- **Exercise aim**: Within the lines below, the span from the line with "I didn’t cry" to the line with "Platforms like Unicommerce", both ends included, is to be reproduced exactly, with pictures omitted.

Collection entries
──────────────────────────────

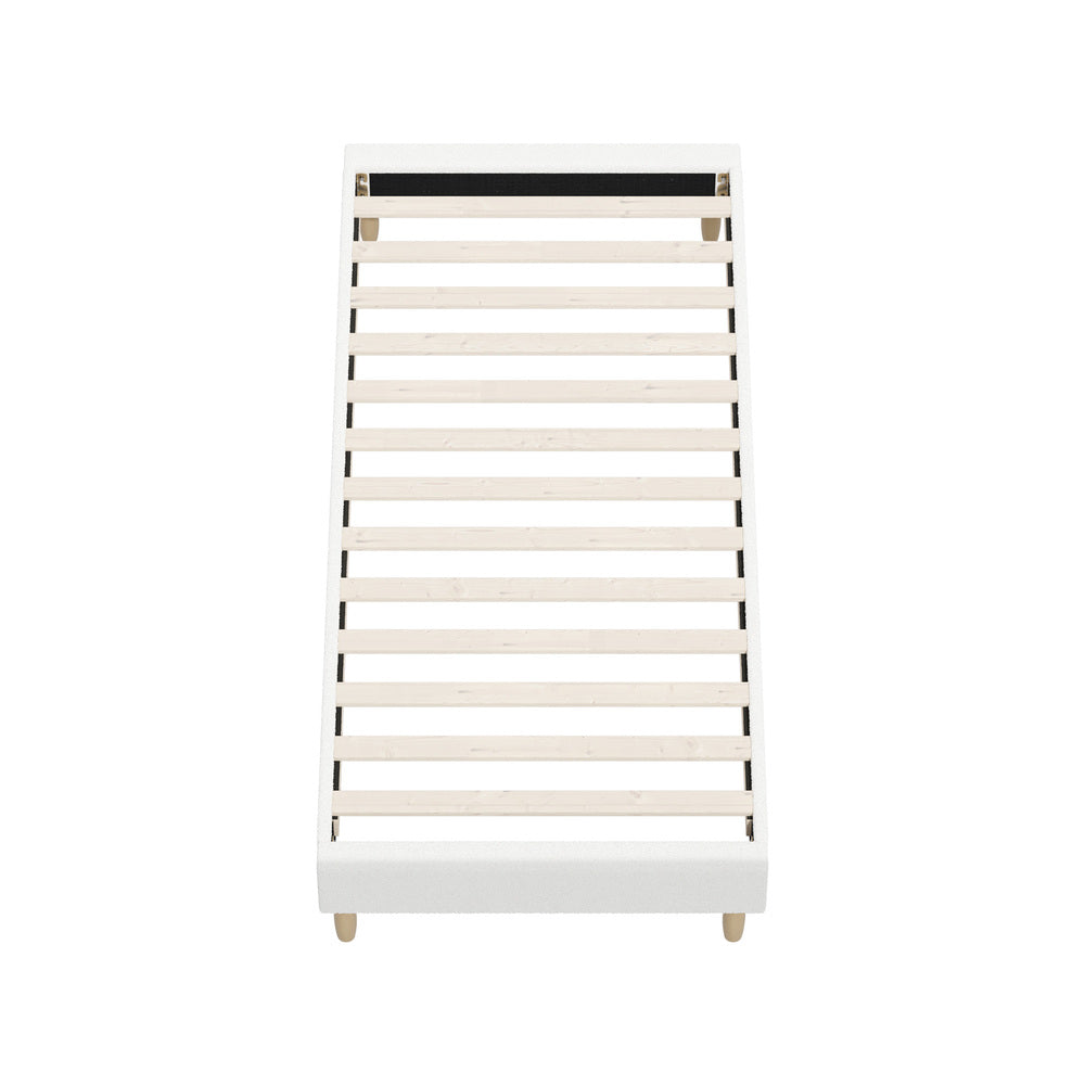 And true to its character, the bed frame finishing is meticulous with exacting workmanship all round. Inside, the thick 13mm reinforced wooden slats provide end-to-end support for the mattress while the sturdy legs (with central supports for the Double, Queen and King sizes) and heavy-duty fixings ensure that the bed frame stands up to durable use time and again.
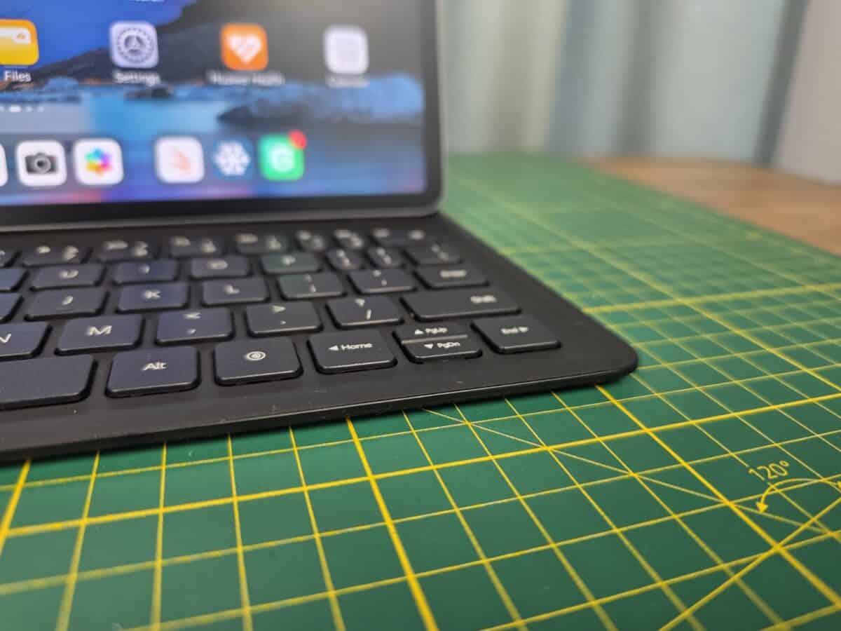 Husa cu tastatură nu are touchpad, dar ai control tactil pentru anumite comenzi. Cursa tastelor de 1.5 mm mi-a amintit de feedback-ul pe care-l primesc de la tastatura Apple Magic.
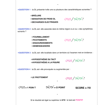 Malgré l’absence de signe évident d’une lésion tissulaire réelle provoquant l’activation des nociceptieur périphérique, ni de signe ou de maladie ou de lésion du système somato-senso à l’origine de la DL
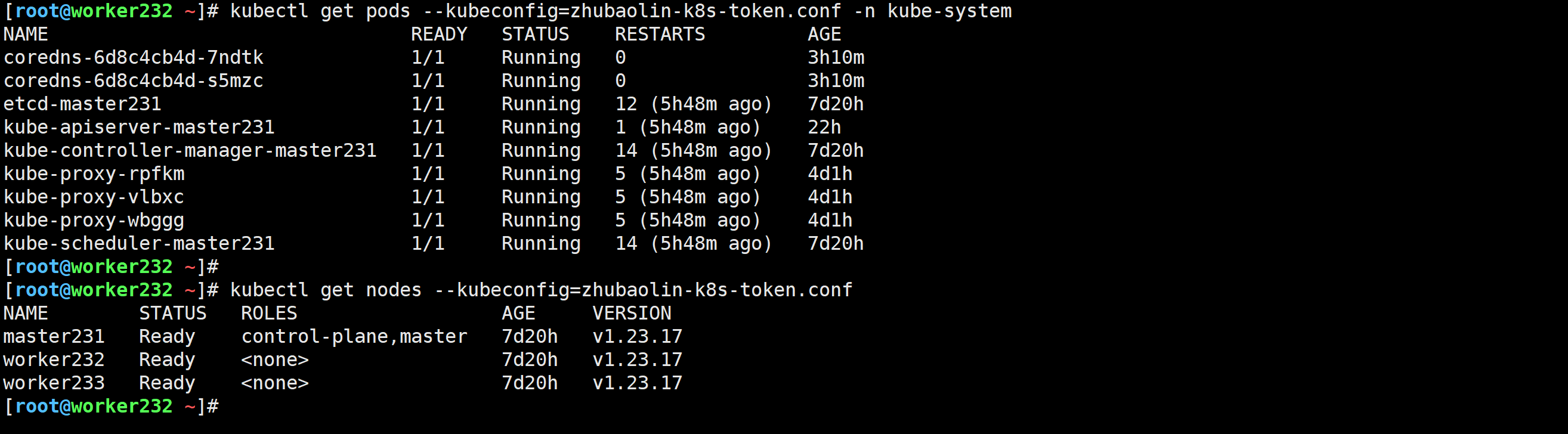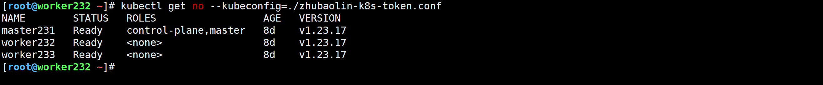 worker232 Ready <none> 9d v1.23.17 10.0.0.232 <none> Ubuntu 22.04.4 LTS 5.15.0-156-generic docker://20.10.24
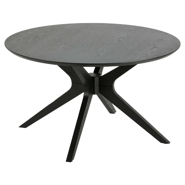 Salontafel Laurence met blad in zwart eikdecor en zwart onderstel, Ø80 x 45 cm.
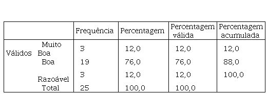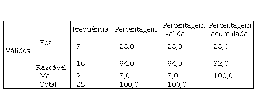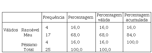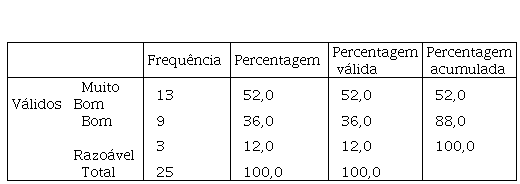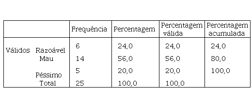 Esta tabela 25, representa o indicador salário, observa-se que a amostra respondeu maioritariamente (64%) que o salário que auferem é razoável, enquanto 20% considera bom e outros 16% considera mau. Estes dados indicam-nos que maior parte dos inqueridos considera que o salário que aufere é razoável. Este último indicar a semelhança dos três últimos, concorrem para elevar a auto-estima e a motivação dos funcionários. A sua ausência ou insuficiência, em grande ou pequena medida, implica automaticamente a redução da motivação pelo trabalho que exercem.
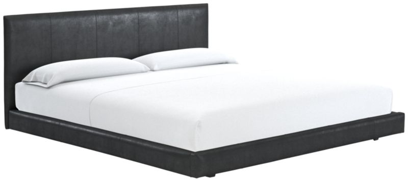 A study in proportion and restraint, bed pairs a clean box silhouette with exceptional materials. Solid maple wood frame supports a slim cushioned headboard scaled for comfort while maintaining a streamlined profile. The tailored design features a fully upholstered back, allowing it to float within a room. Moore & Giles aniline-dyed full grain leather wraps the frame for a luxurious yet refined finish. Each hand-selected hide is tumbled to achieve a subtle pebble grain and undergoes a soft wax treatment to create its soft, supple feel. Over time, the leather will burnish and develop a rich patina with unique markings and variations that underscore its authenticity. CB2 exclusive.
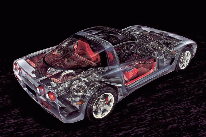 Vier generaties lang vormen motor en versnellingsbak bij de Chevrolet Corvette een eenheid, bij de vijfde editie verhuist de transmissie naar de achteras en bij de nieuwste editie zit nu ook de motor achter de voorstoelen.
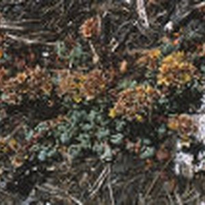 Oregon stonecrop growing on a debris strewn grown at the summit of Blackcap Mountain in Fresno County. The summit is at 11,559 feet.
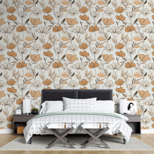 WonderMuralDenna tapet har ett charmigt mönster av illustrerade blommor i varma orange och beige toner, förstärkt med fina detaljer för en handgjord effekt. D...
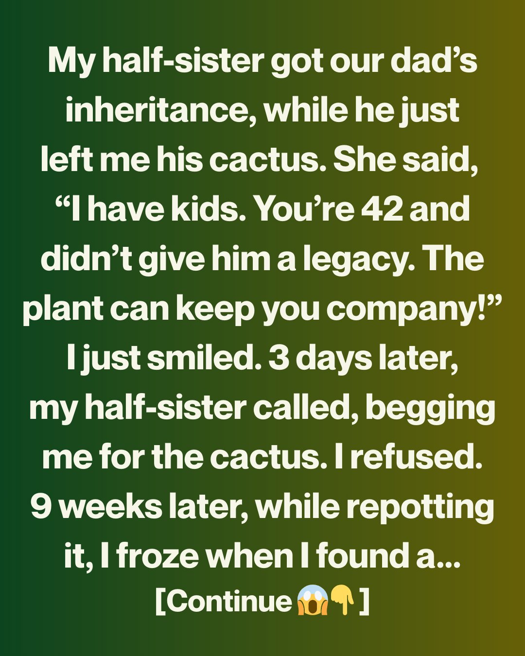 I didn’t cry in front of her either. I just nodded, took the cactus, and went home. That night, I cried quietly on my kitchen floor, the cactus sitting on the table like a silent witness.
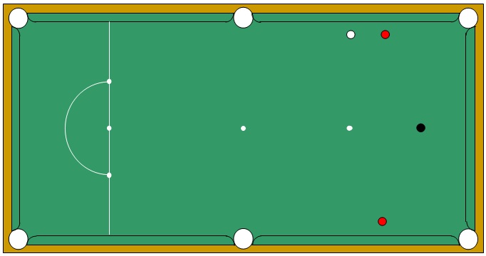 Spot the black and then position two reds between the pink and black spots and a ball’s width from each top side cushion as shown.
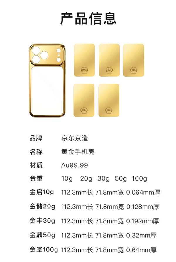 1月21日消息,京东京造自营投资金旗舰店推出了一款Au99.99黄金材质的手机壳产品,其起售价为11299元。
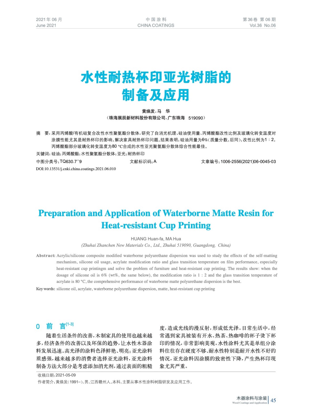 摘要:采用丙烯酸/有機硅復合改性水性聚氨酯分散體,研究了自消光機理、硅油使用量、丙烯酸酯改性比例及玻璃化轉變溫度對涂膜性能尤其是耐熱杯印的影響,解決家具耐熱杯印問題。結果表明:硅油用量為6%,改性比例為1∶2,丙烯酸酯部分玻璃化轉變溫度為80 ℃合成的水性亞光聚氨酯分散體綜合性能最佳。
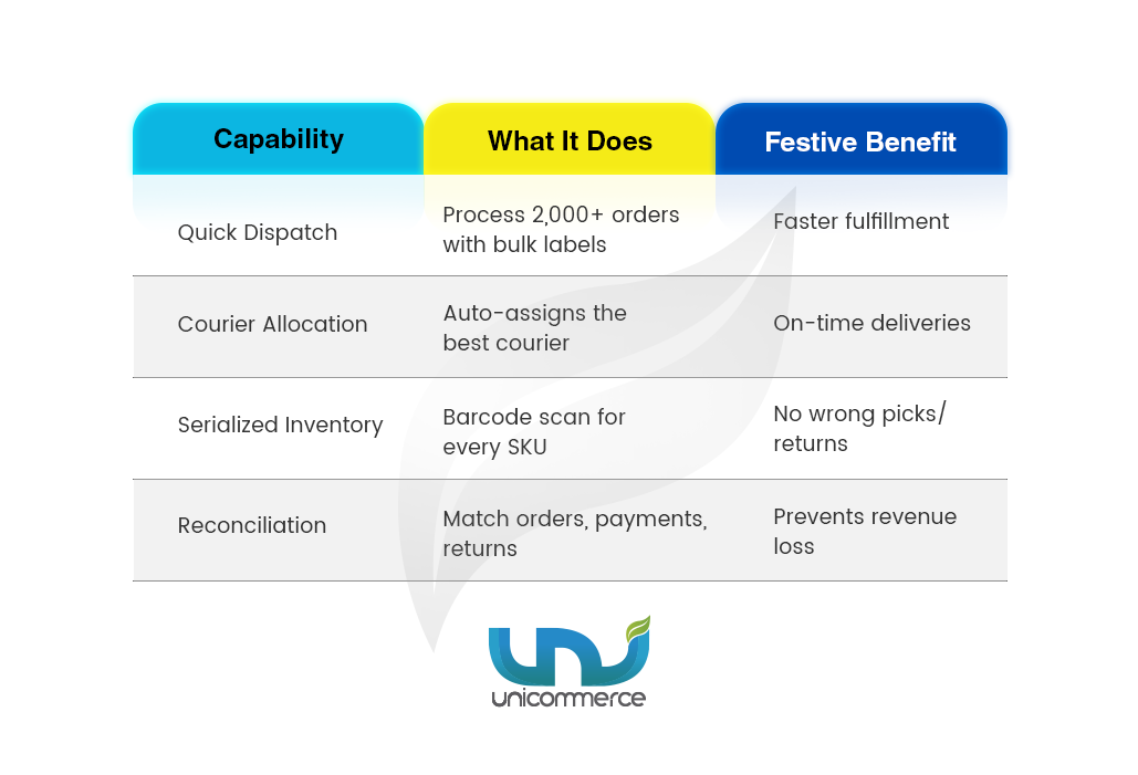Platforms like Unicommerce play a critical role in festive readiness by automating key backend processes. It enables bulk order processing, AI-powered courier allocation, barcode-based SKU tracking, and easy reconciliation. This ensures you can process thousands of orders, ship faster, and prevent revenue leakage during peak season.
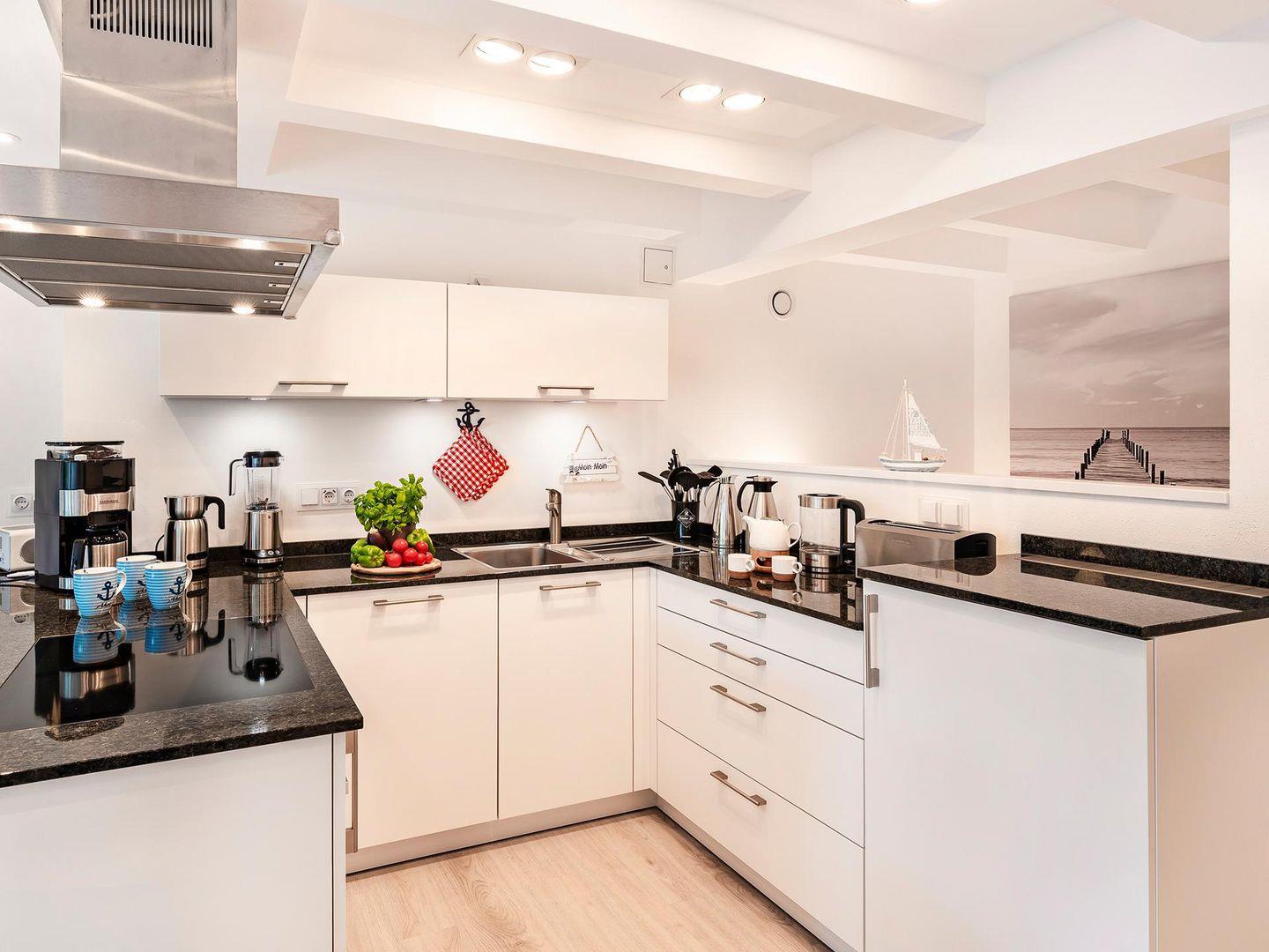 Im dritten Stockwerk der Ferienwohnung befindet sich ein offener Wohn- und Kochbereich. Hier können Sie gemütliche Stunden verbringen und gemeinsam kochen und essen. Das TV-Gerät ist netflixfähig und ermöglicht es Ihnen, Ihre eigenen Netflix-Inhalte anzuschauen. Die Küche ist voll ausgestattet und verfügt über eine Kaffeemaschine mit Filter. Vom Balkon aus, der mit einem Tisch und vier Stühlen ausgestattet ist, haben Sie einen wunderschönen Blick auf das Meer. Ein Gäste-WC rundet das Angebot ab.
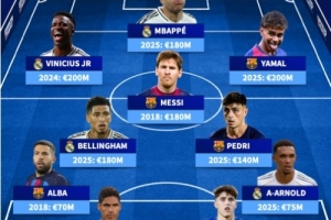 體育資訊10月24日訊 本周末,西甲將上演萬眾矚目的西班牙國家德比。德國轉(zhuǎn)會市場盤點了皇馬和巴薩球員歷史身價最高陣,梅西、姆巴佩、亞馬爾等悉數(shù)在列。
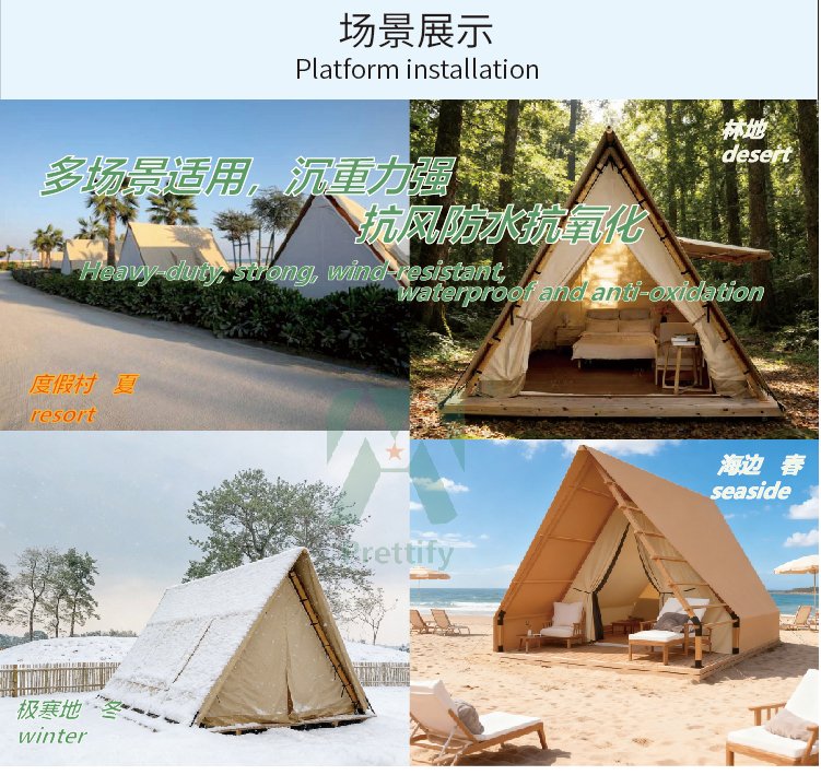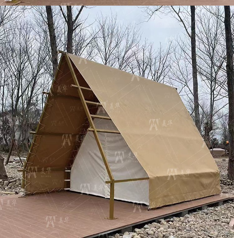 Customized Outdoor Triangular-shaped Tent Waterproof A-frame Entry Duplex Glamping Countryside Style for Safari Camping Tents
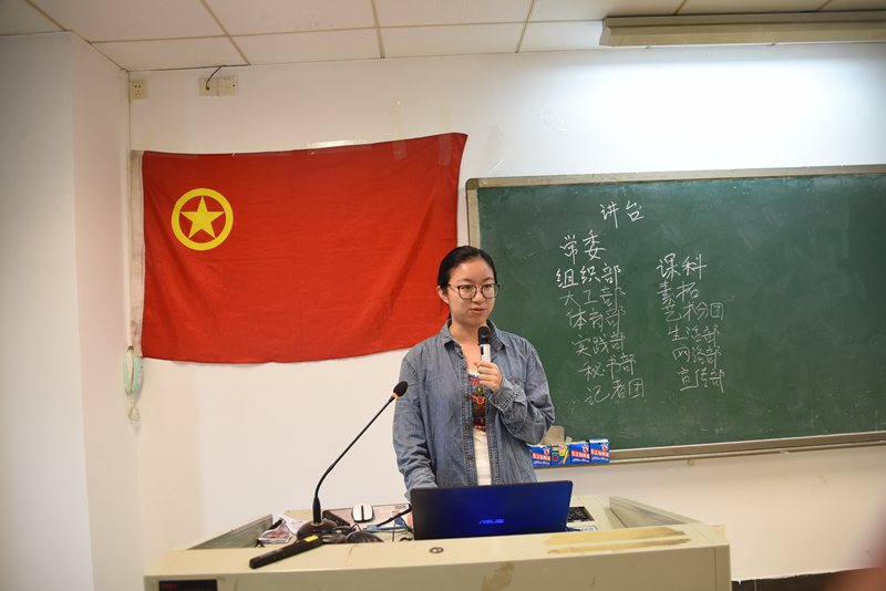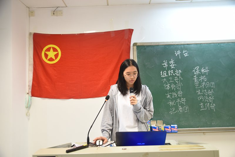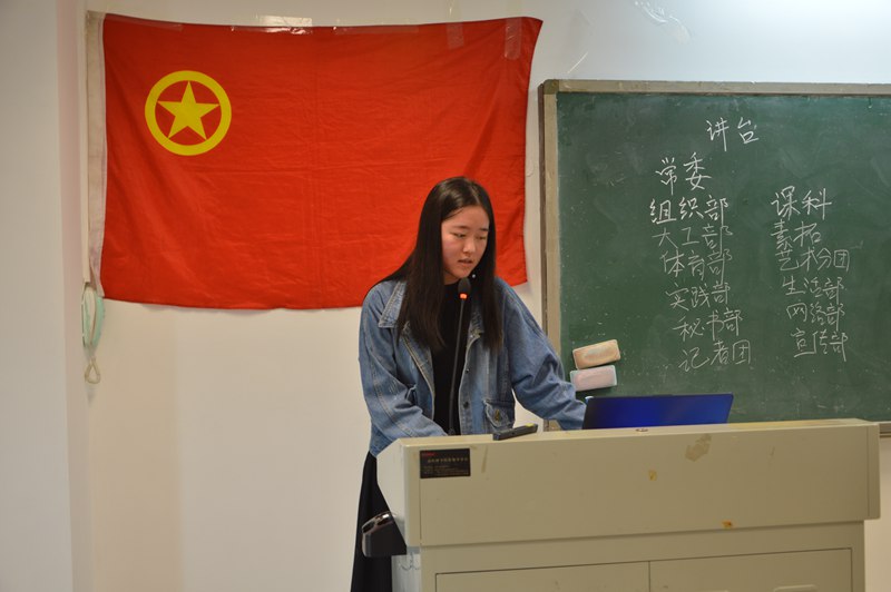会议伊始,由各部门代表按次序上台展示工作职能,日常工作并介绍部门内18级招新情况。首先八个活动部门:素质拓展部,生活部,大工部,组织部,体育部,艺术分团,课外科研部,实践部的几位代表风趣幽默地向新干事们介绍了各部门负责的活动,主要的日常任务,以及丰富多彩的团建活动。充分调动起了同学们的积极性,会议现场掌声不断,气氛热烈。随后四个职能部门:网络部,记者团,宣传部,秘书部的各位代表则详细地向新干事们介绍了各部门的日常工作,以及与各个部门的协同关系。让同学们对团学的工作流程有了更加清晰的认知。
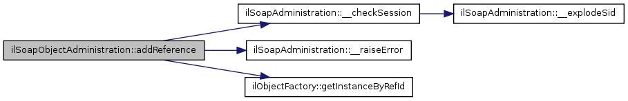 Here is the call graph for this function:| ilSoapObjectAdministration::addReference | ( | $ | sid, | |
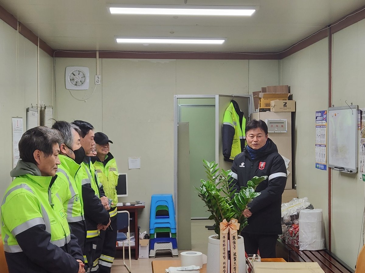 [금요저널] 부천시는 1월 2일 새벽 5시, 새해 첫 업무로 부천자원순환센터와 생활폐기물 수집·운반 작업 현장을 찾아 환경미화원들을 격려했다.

──────────────────────────────

- **Solution for this task**:
 I didn’t cry in front of her either. I just nodded, took the cactus, and went home. That night, I cried quietly on my kitchen floor, the cactus sitting on the table like a silent witness.
 Spot the black and then position two reds between the pink and black spots and a ball’s width from each top side cushion as shown.
 1月21日消息,京东京造自营投资金旗舰店推出了一款Au99.99黄金材质的手机壳产品,其起售价为11299元。
 摘要:采用丙烯酸/有機硅復合改性水性聚氨酯分散體,研究了自消光機理、硅油使用量、丙烯酸酯改性比例及玻璃化轉變溫度對涂膜性能尤其是耐熱杯印的影響,解決家具耐熱杯印問題。結果表明:硅油用量為6%,改性比例為1∶2,丙烯酸酯部分玻璃化轉變溫度為80 ℃合成的水性亞光聚氨酯分散體綜合性能最佳。
Platforms like Unicommerce play a critical role in festive readiness by automating key backend processes. It enables bulk order processing, AI-powered courier allocation, barcode-based SKU tracking, and easy reconciliation. This ensures you can process thousands of orders, ship faster, and prevent revenue leakage during peak season.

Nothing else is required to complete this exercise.